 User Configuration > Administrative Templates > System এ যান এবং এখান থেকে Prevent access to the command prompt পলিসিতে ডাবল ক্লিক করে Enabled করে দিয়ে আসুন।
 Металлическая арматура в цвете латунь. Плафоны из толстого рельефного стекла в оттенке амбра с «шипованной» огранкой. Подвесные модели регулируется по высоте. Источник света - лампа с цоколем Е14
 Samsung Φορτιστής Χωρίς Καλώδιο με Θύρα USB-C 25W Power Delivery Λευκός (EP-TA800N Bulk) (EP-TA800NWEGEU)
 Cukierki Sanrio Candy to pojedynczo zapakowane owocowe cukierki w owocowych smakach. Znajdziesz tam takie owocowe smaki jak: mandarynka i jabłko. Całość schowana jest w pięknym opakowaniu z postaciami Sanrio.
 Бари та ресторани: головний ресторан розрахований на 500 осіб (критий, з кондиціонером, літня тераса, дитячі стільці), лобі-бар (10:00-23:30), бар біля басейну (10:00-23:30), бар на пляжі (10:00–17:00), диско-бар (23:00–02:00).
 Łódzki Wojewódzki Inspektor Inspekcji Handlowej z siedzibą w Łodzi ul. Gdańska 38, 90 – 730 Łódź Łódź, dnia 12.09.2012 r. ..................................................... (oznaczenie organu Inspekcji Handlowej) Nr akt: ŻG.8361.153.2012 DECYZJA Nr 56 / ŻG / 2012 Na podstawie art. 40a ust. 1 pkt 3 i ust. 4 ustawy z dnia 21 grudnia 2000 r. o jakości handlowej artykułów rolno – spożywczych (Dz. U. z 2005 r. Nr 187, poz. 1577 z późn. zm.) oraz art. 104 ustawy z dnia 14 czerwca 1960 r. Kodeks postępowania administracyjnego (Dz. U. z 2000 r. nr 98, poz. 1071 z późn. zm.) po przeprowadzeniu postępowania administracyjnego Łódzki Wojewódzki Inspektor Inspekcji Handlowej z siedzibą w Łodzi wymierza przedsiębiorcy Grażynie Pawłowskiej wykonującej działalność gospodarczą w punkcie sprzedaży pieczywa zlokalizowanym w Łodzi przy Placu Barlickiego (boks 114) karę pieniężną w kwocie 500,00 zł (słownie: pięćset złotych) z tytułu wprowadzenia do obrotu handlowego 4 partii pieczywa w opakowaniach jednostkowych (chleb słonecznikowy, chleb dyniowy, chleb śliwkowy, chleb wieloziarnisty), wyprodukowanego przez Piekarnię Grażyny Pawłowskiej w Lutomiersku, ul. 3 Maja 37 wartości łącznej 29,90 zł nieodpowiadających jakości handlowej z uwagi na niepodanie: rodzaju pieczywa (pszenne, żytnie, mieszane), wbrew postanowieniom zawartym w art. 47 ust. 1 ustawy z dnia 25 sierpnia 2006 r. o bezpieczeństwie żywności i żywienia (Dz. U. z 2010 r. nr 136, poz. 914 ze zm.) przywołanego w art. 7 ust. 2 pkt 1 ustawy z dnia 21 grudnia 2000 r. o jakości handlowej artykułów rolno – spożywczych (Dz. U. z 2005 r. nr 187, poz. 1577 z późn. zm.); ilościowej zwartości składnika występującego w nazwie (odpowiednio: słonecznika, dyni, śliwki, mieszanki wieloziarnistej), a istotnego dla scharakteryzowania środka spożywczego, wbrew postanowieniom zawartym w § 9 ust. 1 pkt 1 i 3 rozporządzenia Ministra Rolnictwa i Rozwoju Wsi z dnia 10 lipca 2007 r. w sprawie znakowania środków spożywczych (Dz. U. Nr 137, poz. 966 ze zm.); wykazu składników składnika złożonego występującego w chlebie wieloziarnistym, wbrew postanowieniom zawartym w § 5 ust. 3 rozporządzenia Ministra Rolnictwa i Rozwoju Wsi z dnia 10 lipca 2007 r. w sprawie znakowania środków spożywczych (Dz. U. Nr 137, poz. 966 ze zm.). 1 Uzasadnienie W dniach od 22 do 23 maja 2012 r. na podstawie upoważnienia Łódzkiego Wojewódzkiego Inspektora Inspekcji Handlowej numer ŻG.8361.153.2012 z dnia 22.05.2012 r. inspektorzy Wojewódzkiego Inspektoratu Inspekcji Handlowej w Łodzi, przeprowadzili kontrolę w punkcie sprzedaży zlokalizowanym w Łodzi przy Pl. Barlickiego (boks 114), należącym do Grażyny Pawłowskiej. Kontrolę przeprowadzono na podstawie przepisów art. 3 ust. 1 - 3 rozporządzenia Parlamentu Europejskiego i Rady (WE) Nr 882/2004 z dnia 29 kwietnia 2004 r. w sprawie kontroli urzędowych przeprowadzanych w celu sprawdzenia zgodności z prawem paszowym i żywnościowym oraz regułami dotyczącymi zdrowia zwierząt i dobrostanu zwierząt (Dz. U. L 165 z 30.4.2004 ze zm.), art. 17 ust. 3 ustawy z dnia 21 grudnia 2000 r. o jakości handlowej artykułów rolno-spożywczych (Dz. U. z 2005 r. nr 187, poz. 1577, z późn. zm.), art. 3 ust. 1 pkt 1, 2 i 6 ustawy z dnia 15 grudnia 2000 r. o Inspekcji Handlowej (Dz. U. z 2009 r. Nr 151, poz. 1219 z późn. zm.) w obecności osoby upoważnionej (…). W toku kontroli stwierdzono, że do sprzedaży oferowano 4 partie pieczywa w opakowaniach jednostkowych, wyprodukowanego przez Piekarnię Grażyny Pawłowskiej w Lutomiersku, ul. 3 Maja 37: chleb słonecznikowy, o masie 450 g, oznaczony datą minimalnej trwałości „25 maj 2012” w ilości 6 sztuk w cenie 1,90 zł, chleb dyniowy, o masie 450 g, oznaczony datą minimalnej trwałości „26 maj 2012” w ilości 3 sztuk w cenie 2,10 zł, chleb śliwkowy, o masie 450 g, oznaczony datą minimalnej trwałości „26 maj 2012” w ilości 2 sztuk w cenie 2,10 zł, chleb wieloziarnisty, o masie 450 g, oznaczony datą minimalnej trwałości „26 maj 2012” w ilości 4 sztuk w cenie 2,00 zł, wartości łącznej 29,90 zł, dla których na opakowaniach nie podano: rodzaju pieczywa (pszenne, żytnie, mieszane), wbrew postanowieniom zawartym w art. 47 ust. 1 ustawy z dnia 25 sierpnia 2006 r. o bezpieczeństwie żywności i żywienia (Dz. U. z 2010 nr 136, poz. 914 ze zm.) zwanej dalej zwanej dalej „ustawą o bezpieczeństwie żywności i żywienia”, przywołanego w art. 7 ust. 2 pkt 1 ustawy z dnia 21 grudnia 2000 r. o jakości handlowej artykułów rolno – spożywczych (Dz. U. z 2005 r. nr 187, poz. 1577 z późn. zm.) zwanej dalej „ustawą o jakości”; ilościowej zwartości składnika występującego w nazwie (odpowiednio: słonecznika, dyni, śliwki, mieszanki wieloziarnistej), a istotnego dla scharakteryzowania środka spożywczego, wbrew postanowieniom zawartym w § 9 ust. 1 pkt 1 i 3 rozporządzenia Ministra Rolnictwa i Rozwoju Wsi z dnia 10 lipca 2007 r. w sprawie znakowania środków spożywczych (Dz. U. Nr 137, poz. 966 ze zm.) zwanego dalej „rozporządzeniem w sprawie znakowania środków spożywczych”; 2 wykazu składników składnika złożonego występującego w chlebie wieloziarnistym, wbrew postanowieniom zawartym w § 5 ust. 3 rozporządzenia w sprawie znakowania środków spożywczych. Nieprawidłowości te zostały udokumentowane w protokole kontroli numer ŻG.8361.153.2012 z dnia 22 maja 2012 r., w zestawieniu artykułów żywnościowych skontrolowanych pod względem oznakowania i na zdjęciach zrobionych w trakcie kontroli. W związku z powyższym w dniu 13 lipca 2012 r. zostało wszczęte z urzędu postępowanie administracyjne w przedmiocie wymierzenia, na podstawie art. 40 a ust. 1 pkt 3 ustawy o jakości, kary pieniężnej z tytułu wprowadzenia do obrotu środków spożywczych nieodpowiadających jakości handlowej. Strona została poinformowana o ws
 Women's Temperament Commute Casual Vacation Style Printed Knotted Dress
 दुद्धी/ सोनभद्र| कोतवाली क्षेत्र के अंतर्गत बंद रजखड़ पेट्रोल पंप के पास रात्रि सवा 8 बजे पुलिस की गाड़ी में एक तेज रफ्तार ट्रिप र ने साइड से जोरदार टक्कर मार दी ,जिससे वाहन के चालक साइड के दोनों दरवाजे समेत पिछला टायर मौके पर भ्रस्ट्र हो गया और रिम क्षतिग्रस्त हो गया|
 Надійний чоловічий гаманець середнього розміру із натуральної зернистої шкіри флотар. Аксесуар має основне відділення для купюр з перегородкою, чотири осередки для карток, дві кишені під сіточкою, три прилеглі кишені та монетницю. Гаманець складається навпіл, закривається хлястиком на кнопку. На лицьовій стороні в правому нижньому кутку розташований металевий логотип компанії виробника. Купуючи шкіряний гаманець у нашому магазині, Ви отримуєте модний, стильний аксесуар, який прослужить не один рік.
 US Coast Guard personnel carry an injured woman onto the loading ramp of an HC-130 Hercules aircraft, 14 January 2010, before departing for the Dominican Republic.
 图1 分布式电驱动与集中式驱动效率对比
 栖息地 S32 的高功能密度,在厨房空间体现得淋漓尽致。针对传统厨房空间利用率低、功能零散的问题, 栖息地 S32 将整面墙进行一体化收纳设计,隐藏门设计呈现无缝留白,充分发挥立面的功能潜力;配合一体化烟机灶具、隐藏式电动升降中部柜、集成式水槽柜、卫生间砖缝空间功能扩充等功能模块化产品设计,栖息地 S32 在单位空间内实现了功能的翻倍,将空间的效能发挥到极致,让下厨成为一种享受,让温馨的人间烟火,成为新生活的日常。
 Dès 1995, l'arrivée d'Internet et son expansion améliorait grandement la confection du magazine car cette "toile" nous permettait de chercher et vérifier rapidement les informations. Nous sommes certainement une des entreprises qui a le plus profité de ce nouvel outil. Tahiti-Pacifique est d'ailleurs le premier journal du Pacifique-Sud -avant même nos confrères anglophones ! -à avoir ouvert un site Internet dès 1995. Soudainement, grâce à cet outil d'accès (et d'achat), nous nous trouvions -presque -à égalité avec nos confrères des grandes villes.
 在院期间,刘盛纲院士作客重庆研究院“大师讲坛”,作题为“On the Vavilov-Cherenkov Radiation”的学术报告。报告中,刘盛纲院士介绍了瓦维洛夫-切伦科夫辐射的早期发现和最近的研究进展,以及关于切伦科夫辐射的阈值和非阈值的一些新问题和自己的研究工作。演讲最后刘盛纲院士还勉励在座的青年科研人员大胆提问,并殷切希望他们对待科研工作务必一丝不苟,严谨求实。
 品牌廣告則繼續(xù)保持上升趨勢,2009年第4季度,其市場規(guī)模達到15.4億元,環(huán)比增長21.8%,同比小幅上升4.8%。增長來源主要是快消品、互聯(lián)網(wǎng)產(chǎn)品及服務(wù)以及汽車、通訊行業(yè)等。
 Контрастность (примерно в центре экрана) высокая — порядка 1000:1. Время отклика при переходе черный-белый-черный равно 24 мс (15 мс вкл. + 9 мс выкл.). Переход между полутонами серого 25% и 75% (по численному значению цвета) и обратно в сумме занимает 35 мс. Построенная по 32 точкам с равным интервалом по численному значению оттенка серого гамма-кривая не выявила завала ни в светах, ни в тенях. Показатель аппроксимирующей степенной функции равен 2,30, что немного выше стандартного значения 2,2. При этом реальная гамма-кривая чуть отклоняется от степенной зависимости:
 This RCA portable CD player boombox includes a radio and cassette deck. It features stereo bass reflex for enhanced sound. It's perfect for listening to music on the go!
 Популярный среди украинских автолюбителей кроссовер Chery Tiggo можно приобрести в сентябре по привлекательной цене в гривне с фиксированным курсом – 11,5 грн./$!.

- [AIM OF THE TASK]
Give again exactly, and only, the lines above starting at the one with "दुद्धी/ सोनभद्र| कोतवाली" and ending at the one with "图1 分布式电驱动与集中式驱动效率对比".

- [TASK RESPONSE]
 दुद्धी/ सोनभद्र| कोतवाली क्षेत्र के अंतर्गत बंद रजखड़ पेट्रोल पंप के पास रात्रि सवा 8 बजे पुलिस की गाड़ी में एक तेज रफ्तार ट्रिप र ने साइड से जोरदार टक्कर मार दी ,जिससे वाहन के चालक साइड के दोनों दरवाजे समेत पिछला टायर मौके पर भ्रस्ट्र हो गया और रिम क्षतिग्रस्त हो गया|
 Надійний чоловічий гаманець середнього розміру із натуральної зернистої шкіри флотар. Аксесуар має основне відділення для купюр з перегородкою, чотири осередки для карток, дві кишені під сіточкою, три прилеглі кишені та монетницю. Гаманець складається навпіл, закривається хлястиком на кнопку. На лицьовій стороні в правому нижньому кутку розташований металевий логотип компанії виробника. Купуючи шкіряний гаманець у нашому магазині, Ви отримуєте модний, стильний аксесуар, який прослужить не один рік.
 US Coast Guard personnel carry an injured woman onto the loading ramp of an HC-130 Hercules aircraft, 14 January 2010, before departing for the Dominican Republic.
 图1 分布式电驱动与集中式驱动效率对比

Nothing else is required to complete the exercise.